[Items listed in a dataset]
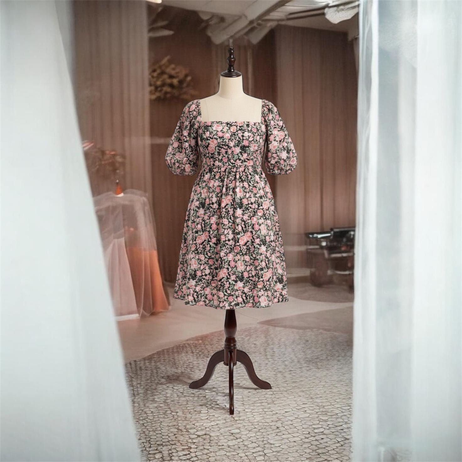 Pink Floral Puff Sleeve Dress
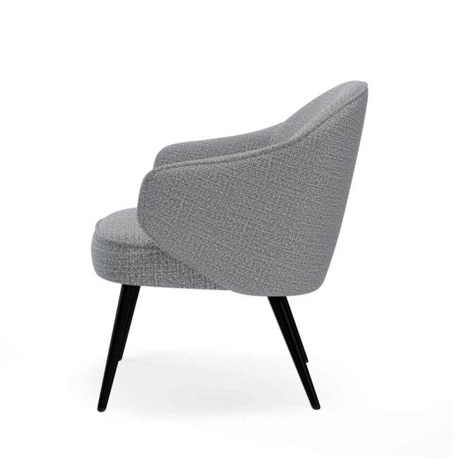 La butaca MACAO destaca por su diseño curvilíneo y envolvente, convirtiéndola en una excelente elección para ambientes modernos y acogedores.
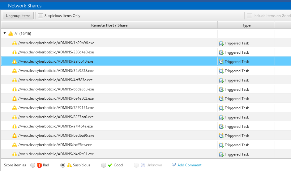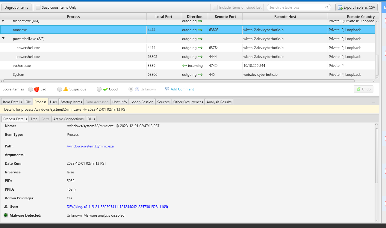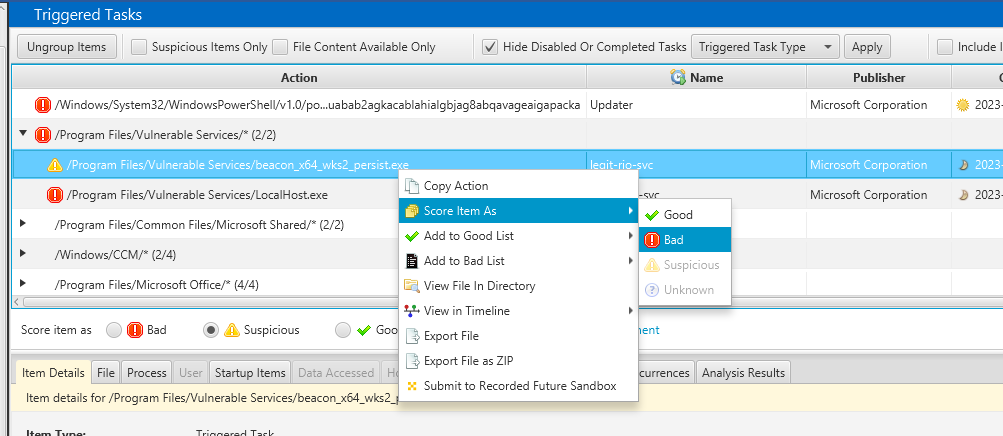 CyberTriage doesn’t immediately identify these elements as malicious. However, you can manually designate them as bad with a simple right-click and selecting “Score Item As –> Bad.” This hands-on approach allows for a more personalized assessment of potential threats
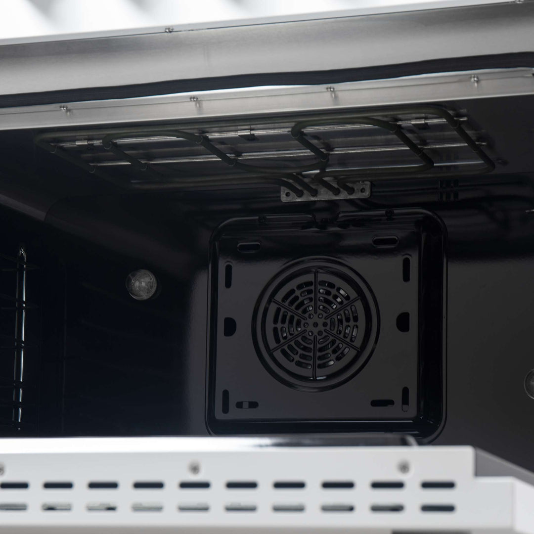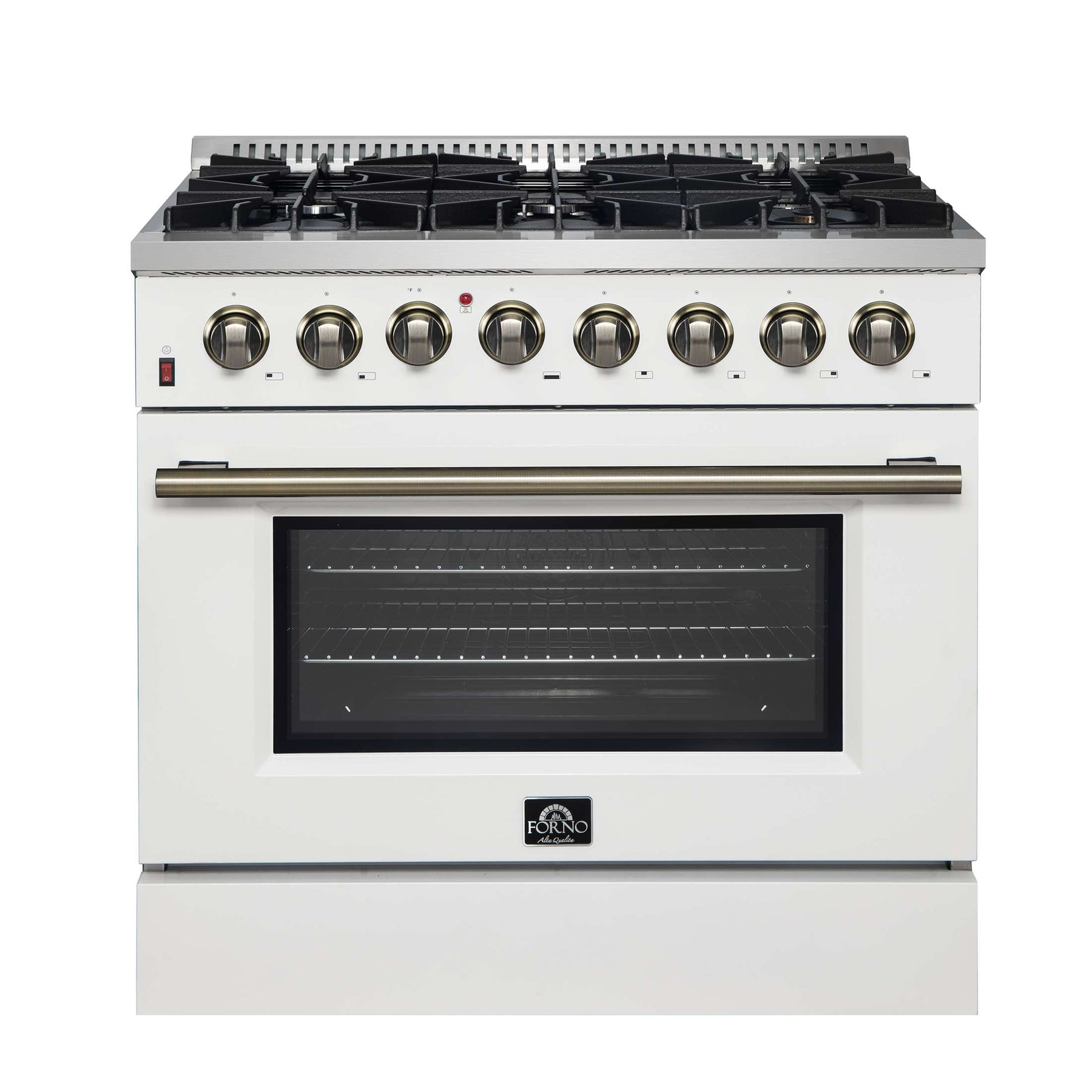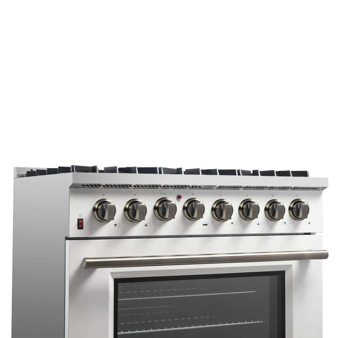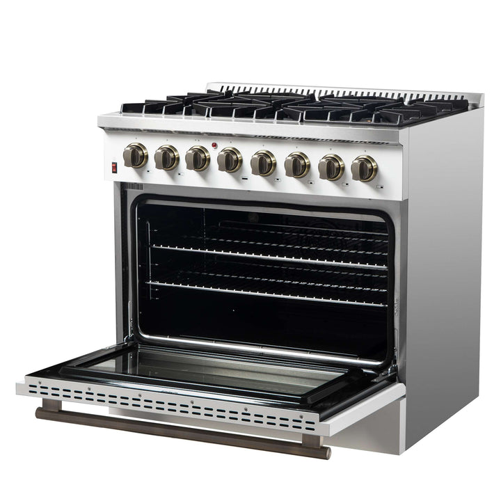 The Galiano 36" Dual Fuel Range blends professional style and performance in elegant white with antique brass accessories. Featuring six sealed burners with a total output of 83,000 BTU, including a powerful 20K dual-ring burner for boiling or searing, it gently simmers delicate foods, such as chocolate and sauces. The cast iron grates provide stability and smooth pan sliding, while the 5.26 cu. ft. electric oven delivers 6,300 watts of power, making it perfect for baking, roasting, and broiling with true convection options. Included are two oven racks, an LP conversion kit, and elegant zinc-coated metal knobs with bezel rings that retain their beauty.
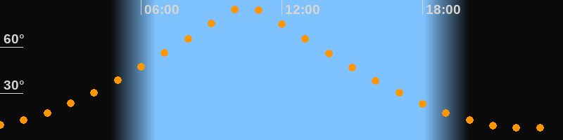 | Höchster Stand (Kulmination) | 10:29 Uhr (h = 86,4°) |

What you should do => Retype every entry word for word, but do not carry over the pictures.

Solution to this exercise =>
 Pink Floral Puff Sleeve Dress
 La butaca MACAO destaca por su diseño curvilíneo y envolvente, convirtiéndola en una excelente elección para ambientes modernos y acogedores.
 CyberTriage doesn’t immediately identify these elements as malicious. However, you can manually designate them as bad with a simple right-click and selecting “Score Item As –> Bad.” This hands-on approach allows for a more personalized assessment of potential threats
 The Galiano 36" Dual Fuel Range blends professional style and performance in elegant white with antique brass accessories. Featuring six sealed burners with a total output of 83,000 BTU, including a powerful 20K dual-ring burner for boiling or searing, it gently simmers delicate foods, such as chocolate and sauces. The cast iron grates provide stability and smooth pan sliding, while the 5.26 cu. ft. electric oven delivers 6,300 watts of power, making it perfect for baking, roasting, and broiling with true convection options. Included are two oven racks, an LP conversion kit, and elegant zinc-coated metal knobs with bezel rings that retain their beauty.
 | Höchster Stand (Kulmination) | 10:29 Uhr (h = 86,4°) |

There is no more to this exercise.